Participants can choose more than one option. 1=check 0=not check. If a participants did not check any of the categories, I should code all the race categories as missing (.) and NOT as 0s correct? I believe that if he/she did not answer this question at all and I coded all the categories as 0, I will under-represent the 1s since there will be more 0 when in reality should be excluded do to missing data.

Can any one clarify this!
Thanks!
Marvin
 

hlsmith

Less is more. Stay pure. Stay poor.
#2
If I follow you, yes it should be classified as missing and should not be incoporated in the percentages.

However, depending on your pupose and how many missings you have, and what other statistics you may run - some people classify all missing as its own race group and use it in analyses to make sure it is not impacting statistics/hypotheses. That would be that it is not missing at random.
 

noetsi

Fortran must die
#3
There are methods to address data that is missing for example multiple imputations. This assumes you don't believe it is missing at random.
 

hlsmith

Less is more. Stay pure. Stay poor.
#4
noetsi, I am familiar with imputation but not with the assumption that it is not missing at random. I can see pros and cons for this.
 
#5
So is is valid enough, to coded as missing all the race variable if a participant did not answer any of them. But, If a participation check at least one race the other should be coded as 0. This is what I have been taught.

Id rwhite rblack rchinnese rother
1 0 0 0 0
2 1 0 0 0


It should be:

Id rwhite rblack rchinnese rother
1 . . . .
2 1 0 0 0
 
#6
So is is valid enough, to coded as missing all the race variable if a participant did not answer any of them. But, If a participation check at least one race the other should be coded as 0. This is what I have been taught.

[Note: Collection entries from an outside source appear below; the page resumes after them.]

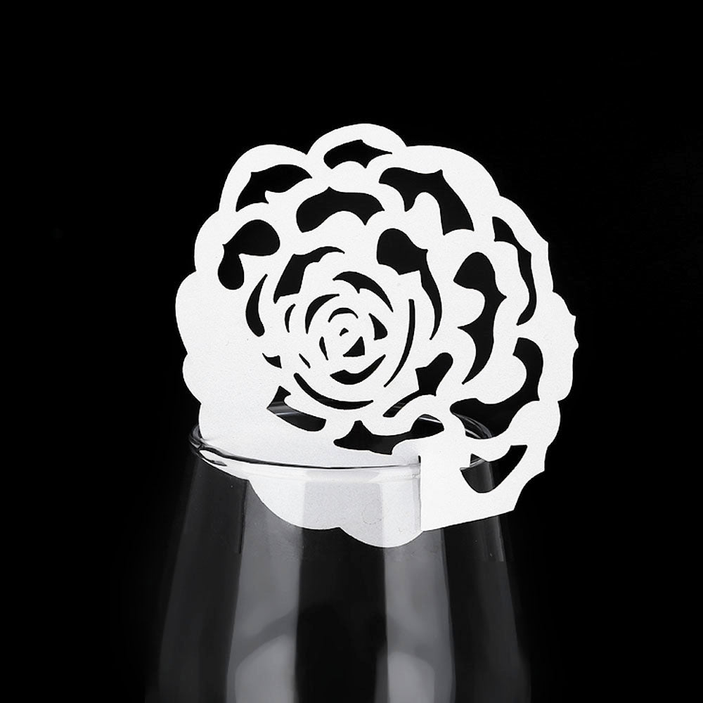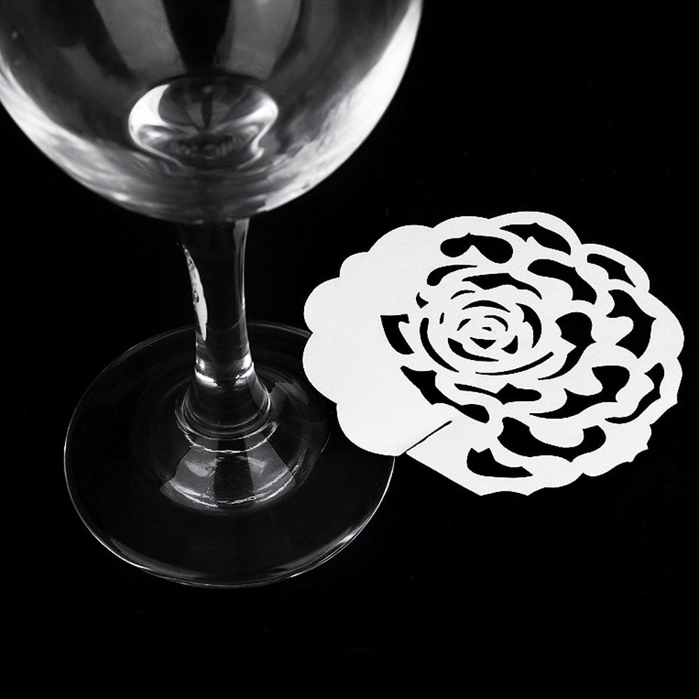 50pcs Hollow Rose Shape Decoration Paper Wine Glass Place Card
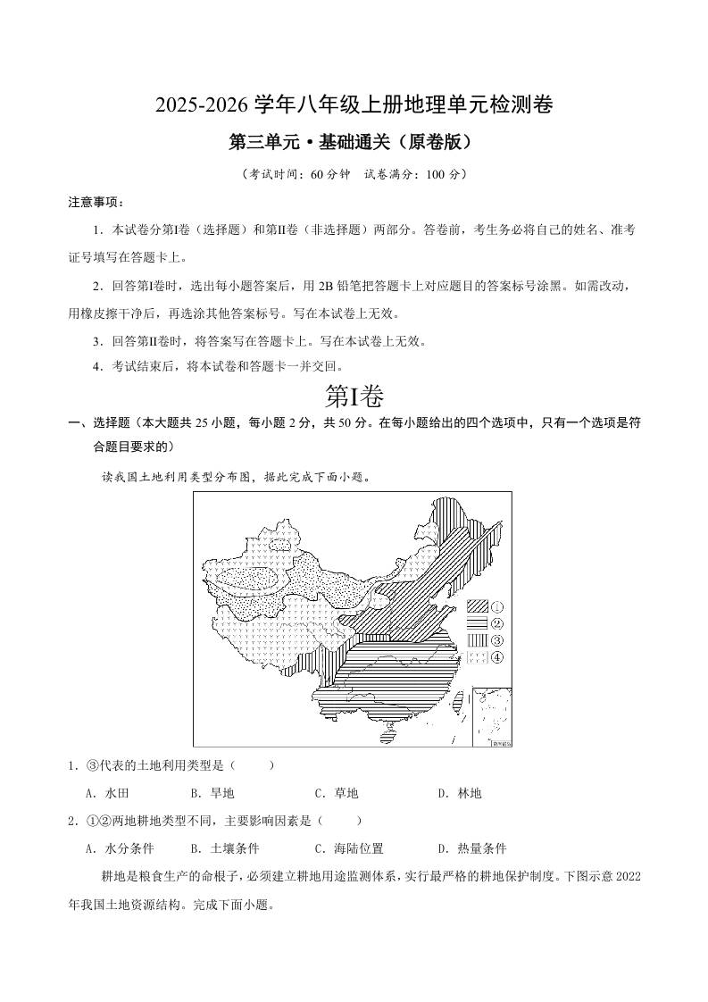 首页 > 全部 > 单元基础卷 > 八上地理 第三章测试·基础卷(考试版A4)
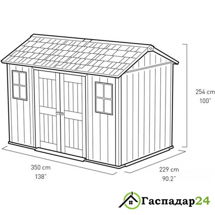 - Имеет пол. Т.е. данный садовый домик герметичен, там не прорастает трава, нет грязи. Также можно устанавливать его на любое основание из песчано-гравийной смеси или щебня, т.е. не требуется твердого основания из бетона или асфальта. Предусмотрена система водостока (в модели Horizon и более дорогих). Можно обеспечить сбор воды в емкости в определенном направлении.
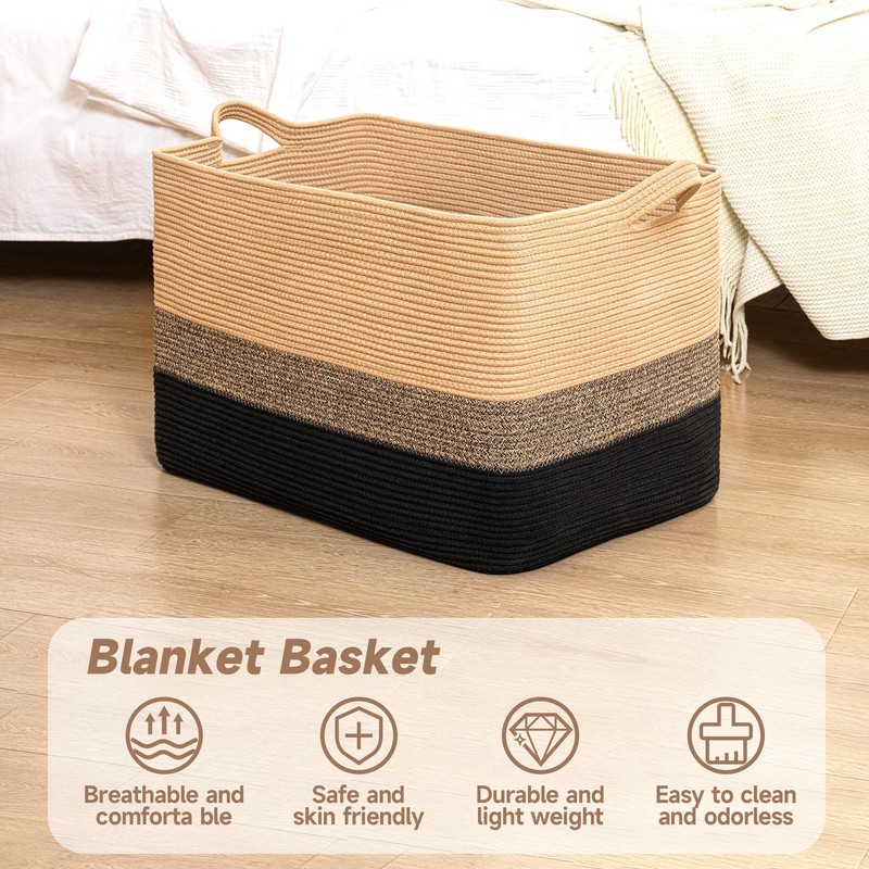 • Organize Your Home, Simplify Your Life! Tired of clutter? Our 22x17x13..8-inch square cotton rope storage basket offers spacious storage for kids’ toys, living room blankets, bathroom towels, and bedroom clothes. Perfect for kids’ rooms, play areas, bathrooms, and bedrooms, it’s a must-have for busy households!
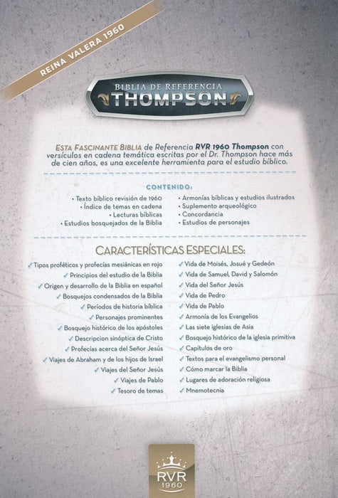 La Biblia de Referencia Thompson, versión Reina-Valera 1960 con Índice, es sin lugar a dudas la Biblia más completa que se puede encontrar. Es prácticamente una biblioteca de referencia bíblica con más de 7,000 nombres, lugares y temas y más de 100,000 referencias analizadas y clasificadas de acuerdo con los conceptos. Las ayudas marginales están "encadenadas" a ocho secciones al final de la Biblia, donde la profusión de detalles es superior a cualquier otra Biblia publicada. Está diseñada para ayudar al lector a identificar miles de temas significativos, conceptos, ideas y personajes bíblicos, e investigar las referencias de estos temas a través de toda la Biblia. Es un sistema completo, fácil de entender y de usar. Esta es la Biblia ideal para el pastor, el maestro de Escuela Dominical, el laico y el estudiante.
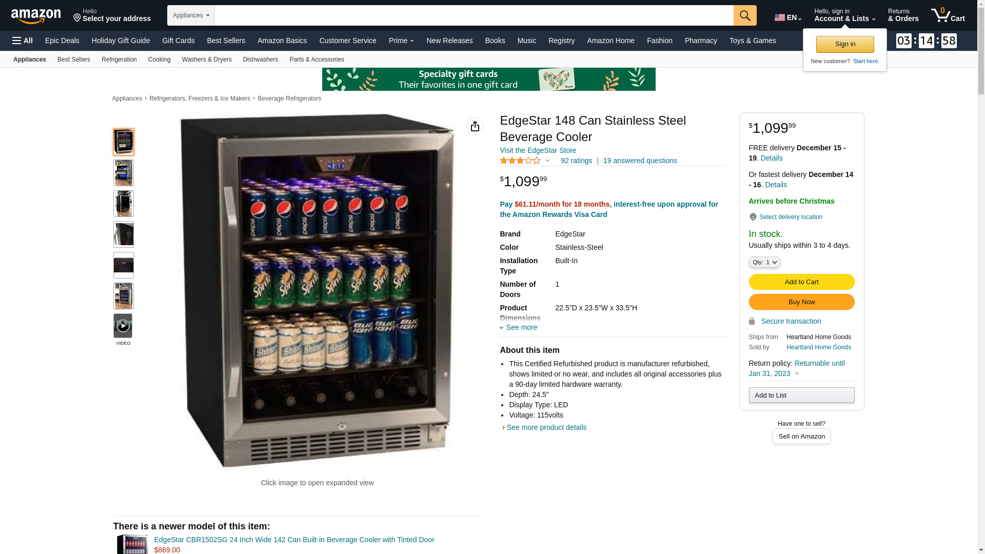Store your beverages in the EdgeStar 148 Can Stainless Steel Beverage Cooler (CBR1501SG) to keep them cool and ready to drink. This cooler with a stainless steel finish allows you to store up to 148 standard 12 oz. cans, which is great if you decide to entertain guests or throw a party and you need to keep all your refreshments cold. Ideal for kitchens, game rooms, garages and more, this beverage refrigerator will keep your drinks cold for you and your friends. Capacity: The included glass shelves help neatly store up to 148 12 oz. cans and feature holes for improved circulation of cold air Fan Cooled: For more even cooling, the air in the CBR1501SG is fan circulated which is more effective than cold plate cooling that tends to create a cold spot in the unit Interior Lighting: A manual light illuminates the beverage selection, making it easier to find the right drink 24 Width:The cooler's 24 width fits perfectly into mid-sized undercounter spaces Tinted Glass: The black dotted door tint prevents UV rays from infiltrating the cooler so your beverages will stay protected

Id rwhite rblack rchinnese rother
1 0 0 0 0
2 1 0 0 0


It should be:

Id rwhite rblack rchinnese rother
1 . . . .
2 1 0 0 0
 

noetsi

Fortran must die
#7
noetsi, I am familiar with imputation but not with the assumption that it is not missing at random. I can see pros and cons for this.
If the data is missing completely at random I don't think it is seen as a major problem. Not something you would spend signficant effort addressing. Commonly you do this when the data missing is not assumed to be MCAR
 

hlsmith

Less is more. Stay pure. Stay poor.
#8
How are these data collected. Was each race category a question of its own, and people could potentially not answer OR answer no to each one???